As of June 2022, Bahrain was the top Middle Eastern country for capital placed in U.S. properties over the prior four quarters. According to data from MSCI Real Assets, funding sources with ties to Bahrain pumped $2.84 billion into 228 American assets, increasing their dollar volume by 176% year over year. That was a large enough amount to eclipse Israel (which spent $1.9 billion on 131 property purchases) and the United Arab Emirates ($1.13 billion into 16 properties) during this time, not to mention Saudi Arabia, which entirely dropped off MSCI’s list of the top 25 overseas investment sources.
In fact, per MSCI, only four other countries surpassed Bahrain’s investment total during the year ending in second-quarter 2022: cross-border juggernaut Canada, followed by Singapore, South Korea and Germany. This isn’t a surprise to observers of cross-border commercial real estate investments as Bahrain has been a recent powerhouse in its own right. It ranked among the top 10 foreign funding sources in each of the years from 2018 through 2020, according to MSCI, and rose all the way to No. 4 in 2021.

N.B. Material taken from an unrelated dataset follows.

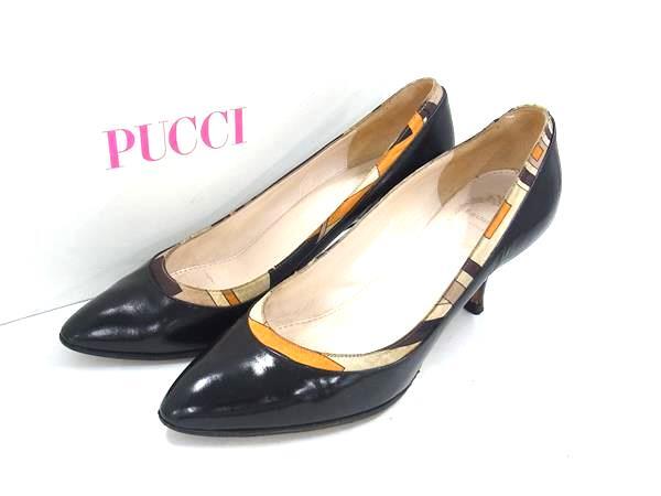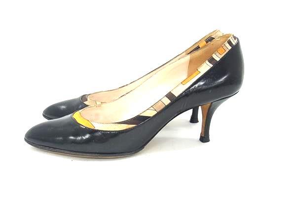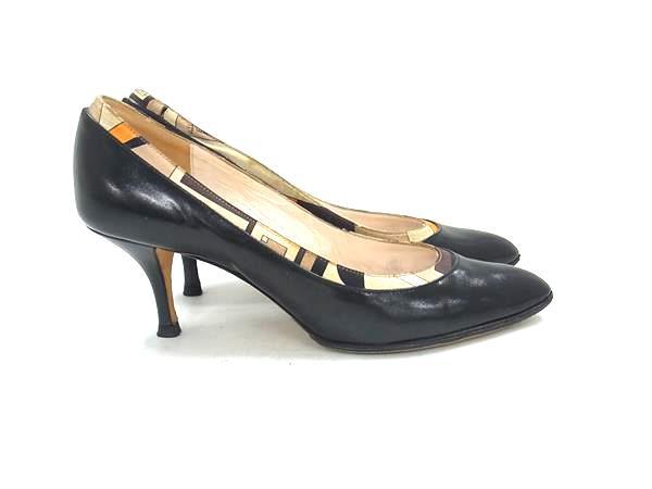 EMILIO PUCCI エミリオプッチ レザー×サテン ヒール パンプス 表記サイズ 36 1/2 (約22.5cm) 靴 シューズ ブラック系 DJ6199

The most active Bahraini company in American real estate remains Investcorp, a private equity firm based in the nation’s capital and largest city of Manama. Fresh off its participation in nearly $4 billion in deals (both purchases and dispositions) in full-year 2021, Investcorp appears to be committed to being an enthusiastic participant in the U.S. commercial real estate market. In the year ending in Q2 2022, the company’s real estate investment wing was involved in 29 U.S. property purchases with an aggregate value of more than $2 billion, good for No. 6 among all foreign-based firms tracked by MSCI. Investcorp also was busy in the sales market, divesting 74 U.S. properties for a total of roughly $1.5 billion.
Last year started with a bang for Investcorp. In February, it announced its acquisition of 64 industrial properties in Chicago, New York City, Dallas, Atlanta, Houston, Philadelphia and St. Louis. The portfolio, which encompassed 5.6 million square feet and was valued at $640 million, brought Investcorp’s overall U.S. industrial holdings to roughly $3.5 billion, spread across 425 properties and some 32 million square feet.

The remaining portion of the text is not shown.